Democratic senators lashed out at the Central Intelligence Agency Tuesday about redactions to the Senate Intelligence Committee’s report on Bush-era torture techniques.
“The redactions that CIA has proposed to the intelligence committee’s report on CIA interrogations are totally unacceptable,” said Michigan Democratic Sen. Carl Levin, chair of the armed services committee, which conducted its own inquiry into Bush-era interrogation. “Classification should be used to protect sources and methods or the disclosure of information which could compromise national security, not to avoid disclosure of improper acts or embarrassing information.”

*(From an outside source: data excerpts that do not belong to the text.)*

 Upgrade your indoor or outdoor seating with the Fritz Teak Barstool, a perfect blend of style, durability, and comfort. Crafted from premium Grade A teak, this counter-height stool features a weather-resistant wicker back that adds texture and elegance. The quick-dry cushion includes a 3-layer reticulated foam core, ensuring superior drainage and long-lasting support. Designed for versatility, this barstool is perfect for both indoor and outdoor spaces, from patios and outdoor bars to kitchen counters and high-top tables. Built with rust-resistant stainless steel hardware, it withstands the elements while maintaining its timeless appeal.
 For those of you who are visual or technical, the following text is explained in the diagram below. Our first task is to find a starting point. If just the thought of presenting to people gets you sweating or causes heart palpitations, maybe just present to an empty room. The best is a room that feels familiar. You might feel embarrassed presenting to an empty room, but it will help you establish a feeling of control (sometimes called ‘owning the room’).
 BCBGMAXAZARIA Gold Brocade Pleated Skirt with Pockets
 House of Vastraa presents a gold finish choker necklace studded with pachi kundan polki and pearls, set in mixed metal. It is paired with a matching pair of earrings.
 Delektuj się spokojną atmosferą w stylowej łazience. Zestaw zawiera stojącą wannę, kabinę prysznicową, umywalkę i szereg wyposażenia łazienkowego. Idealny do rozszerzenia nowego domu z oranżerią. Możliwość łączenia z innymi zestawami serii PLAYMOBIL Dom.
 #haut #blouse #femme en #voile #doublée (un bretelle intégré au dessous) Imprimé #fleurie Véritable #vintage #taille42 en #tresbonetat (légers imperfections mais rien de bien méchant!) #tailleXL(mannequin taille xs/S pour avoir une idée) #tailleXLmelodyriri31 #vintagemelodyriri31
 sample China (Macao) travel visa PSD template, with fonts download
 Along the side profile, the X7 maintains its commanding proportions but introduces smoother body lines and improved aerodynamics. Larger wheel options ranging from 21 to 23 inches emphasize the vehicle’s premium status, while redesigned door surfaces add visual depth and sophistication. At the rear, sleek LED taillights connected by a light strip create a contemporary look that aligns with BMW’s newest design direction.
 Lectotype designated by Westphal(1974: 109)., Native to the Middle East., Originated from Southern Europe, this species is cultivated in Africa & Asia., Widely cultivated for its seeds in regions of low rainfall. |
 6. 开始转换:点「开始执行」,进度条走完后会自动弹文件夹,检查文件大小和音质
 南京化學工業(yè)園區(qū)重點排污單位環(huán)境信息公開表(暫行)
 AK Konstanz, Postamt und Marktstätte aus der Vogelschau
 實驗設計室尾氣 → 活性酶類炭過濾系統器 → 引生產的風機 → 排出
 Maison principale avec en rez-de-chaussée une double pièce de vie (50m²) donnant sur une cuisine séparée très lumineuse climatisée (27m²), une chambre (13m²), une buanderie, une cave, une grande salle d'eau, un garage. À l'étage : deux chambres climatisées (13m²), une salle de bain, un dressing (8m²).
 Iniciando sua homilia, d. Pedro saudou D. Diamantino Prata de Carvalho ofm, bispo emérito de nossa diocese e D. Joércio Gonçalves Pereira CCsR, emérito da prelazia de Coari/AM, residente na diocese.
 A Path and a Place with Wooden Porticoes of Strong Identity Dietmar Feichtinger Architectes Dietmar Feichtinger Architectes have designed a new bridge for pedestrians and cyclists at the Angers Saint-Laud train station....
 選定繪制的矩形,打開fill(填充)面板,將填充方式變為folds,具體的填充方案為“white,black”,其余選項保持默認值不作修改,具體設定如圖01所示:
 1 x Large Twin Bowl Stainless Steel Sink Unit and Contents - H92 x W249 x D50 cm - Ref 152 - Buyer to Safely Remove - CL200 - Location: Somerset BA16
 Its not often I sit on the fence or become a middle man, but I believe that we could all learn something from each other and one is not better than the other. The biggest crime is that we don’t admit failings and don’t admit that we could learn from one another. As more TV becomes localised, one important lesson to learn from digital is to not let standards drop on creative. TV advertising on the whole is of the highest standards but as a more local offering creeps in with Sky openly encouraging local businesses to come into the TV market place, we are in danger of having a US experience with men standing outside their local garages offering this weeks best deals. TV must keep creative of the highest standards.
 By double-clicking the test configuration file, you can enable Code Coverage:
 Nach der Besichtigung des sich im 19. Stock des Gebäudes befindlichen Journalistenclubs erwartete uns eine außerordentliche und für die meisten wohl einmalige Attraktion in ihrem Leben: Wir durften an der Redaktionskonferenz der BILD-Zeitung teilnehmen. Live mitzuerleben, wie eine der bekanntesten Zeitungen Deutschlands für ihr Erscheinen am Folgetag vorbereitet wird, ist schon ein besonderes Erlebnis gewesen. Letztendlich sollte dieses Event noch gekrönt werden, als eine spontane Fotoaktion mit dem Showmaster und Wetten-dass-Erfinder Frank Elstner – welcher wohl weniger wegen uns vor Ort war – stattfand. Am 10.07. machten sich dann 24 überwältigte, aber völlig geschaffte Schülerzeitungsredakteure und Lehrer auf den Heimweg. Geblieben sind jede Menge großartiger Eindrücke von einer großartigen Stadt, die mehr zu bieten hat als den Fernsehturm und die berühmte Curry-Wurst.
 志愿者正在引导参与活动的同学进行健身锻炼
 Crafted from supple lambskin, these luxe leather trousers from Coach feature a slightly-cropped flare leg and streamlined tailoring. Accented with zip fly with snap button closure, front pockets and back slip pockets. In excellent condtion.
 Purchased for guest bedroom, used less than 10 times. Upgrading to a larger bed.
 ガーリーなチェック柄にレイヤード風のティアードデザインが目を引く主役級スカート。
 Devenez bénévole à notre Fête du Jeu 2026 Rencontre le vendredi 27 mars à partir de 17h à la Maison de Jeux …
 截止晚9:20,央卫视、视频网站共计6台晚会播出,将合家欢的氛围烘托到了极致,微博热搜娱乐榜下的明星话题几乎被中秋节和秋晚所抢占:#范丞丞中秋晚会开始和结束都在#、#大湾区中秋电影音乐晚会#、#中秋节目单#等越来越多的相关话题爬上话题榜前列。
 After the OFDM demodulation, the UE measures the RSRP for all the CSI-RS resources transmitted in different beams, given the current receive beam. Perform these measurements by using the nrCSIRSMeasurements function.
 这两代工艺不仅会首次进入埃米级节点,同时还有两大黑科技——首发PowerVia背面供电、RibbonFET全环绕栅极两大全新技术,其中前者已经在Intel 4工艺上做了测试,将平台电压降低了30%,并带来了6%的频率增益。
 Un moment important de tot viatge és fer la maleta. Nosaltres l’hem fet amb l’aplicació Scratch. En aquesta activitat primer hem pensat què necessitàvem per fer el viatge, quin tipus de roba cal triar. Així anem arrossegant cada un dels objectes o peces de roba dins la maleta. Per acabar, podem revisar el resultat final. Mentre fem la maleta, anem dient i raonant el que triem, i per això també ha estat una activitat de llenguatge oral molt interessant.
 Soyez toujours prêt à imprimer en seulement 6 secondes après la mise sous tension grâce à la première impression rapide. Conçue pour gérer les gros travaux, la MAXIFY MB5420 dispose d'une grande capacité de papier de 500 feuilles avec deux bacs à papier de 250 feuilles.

California Democratic Sen. Dianne Feinstein, the chair of the intelligence committee, played good cop — but her frustrations were still apparent. She indicated in a statement wanting to work with the administration to excise “redactions that eliminate or obscure key facts that support the report’s findings and conclusions.”
The Senate Intelligence Committee’s report is said to be highly critical of the so-called “enhanced interrogation” program, concluding it was brutal and useless. The redactions to the Senate investigation is just the latest example of how far the CIA has gone to defend its conduct during the Bush era. The intelligence committee’s investigation was completed by 2012, but delayed by the CIA’s objections.
CIA Director John Brennan was forced to apologize last week, admitting that CIA officials had breached a computer network set up for committee staffers. Intelligence committee staff had discovered an internal CIA document that undermined agency criticisms of the report and supported the committee’s conclusions.